2.1.3. Drying Techniques
Fresh herbs were dried (Lublin, Poland) using four techniques: Natural (traditional) drying (in a darkened room, a temperature of 20 °C to 22 °C, for approximately 7 days), convection drying (in a drying oven at 40 °C for approximately 5 h), microwave drying (in a laboratory microwave dryer, microwave power 360 W at 20 °C, for about 5 min), and freeze-drying (in a lyophilizer at a temperature of −49 °C and pressure of 0.045 mbar) [12,13].
2.2. Quality Analysis
2.2.1. Color
The color of fresh and dried lovage leaves was measured using an Envisense NH310 colorimeter. The CIE color values L* (lightness), a* (redness), and b* (yellowness) were measured to describe the color of the lovage leaves. The measuring aperture diameter was 8 mm. The colorimeter was calibrated using the standard of white (L* = 95.82; a* = −0.44; b* = 2.5).
2.2.2. Consumer Quality
The sensory characteristics (color, flavor, appearance) of fresh and dried leaf samples were determined on a scale from 1 to 5 (1—disliked, 5—extremely liked). The panel for the sensory analysis was composed of 20 members aged from 21 to 40 years (12 women, 8 men) [14].
2.2.3. Content of Some Bioactive Compounds
Both fresh and dried plant material was subjected to the same analyses. The weight of analytical samples used for determination of the content of bioactive compounds was equivalent, i.e., the water losses during herb drying were taken into account (the herb samples were weighed before and after the drying process to calculate the water loss). This allowed the comparison of the results expressed per fresh matter (FM) of plant tissue [15].
Extraction and Determination of Total Phenolic Compounds in Lovage
Ethanolic extracts were prepared (0.5 g fw or 0.3 g dw in 15 mL of an ethanol/water/hydrochloric acid (70:29:1, v/v/v) solution with sonication at 30 °C for 1 h and then centrifugation at 9000 g for 30 min) for determination of total phenolic compounds in the lovage leaves. The amount of total phenolics was determined using Folin-Ciocalteau reagent [16]. The amount of total phenolics was calculated as gallic acid equivalent (GAE) in mg per g FW (fresh weight).

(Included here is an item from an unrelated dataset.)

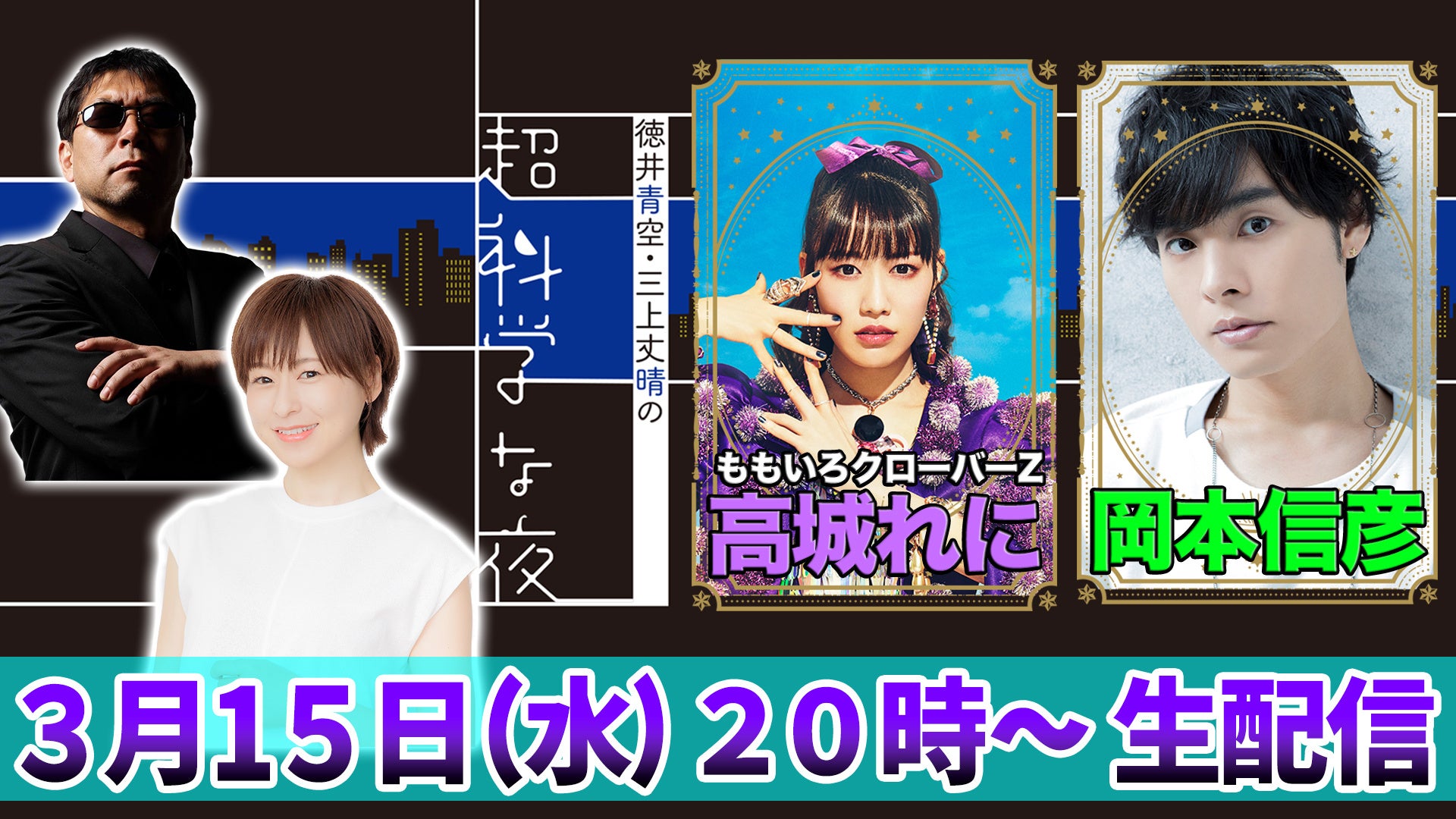 株式会社ドワンゴは、同社が運営する「ニコニコチャンネルプラス」(https://portal.nicochannel.jp/)のチャンネル「徳井青空・三上丈晴の超科学な夜」2023年3月15日(水)20時からの第3回目生放送に、ももいろクローバーZの高城れにと声優の岡本信彦がゲスト出演することをお知らせします。

Extraction and Determination of the Levels of Chlorophylls (Chl) and Carotenoids (Car)
Chl and car were analyzed according to the method described by Lin et al. [17]. The contents of Chl a, chl b, and Car were expressed in mg per g FW.
Extraction and Determination of Vitamin C Content
Total vitamin C content was determined as a sum of ascorbic and dehydroascorbic acids according to the methods described earlier by Mazurek et al. [18]. Briefly, 1 g of fresh lovage leaf material was extracted two times with 2 mL of 50% (w/v) m-phosphoric acid (MPA). The mixture was centrifuged at 16,000× g, and extracts were combined and used for further determination. The obtained extract was divided into two parts. One part was used for the determination of ascorbic acid, and the other for determination of the total content of vitamin C after reduction of dehydroascorbic acid. Dehydroascorbic acid was converted to ascorbic acid with 100 mM tris (2-carboxyethyl) phosphine. Quantitative determinations were carried out by calculation of the external standard using calibration curves of the standard and expressed in mg per 100 g FW.
Microelement Content
The convectionally dried material was mineralized and the content of elements, i.e., Fe, Cu, Zn, Mn, Ni, Cd, Mg, K, Ca, Na, Pb, Co, and Ag was determined with atomic absorption spectrometry (AAS).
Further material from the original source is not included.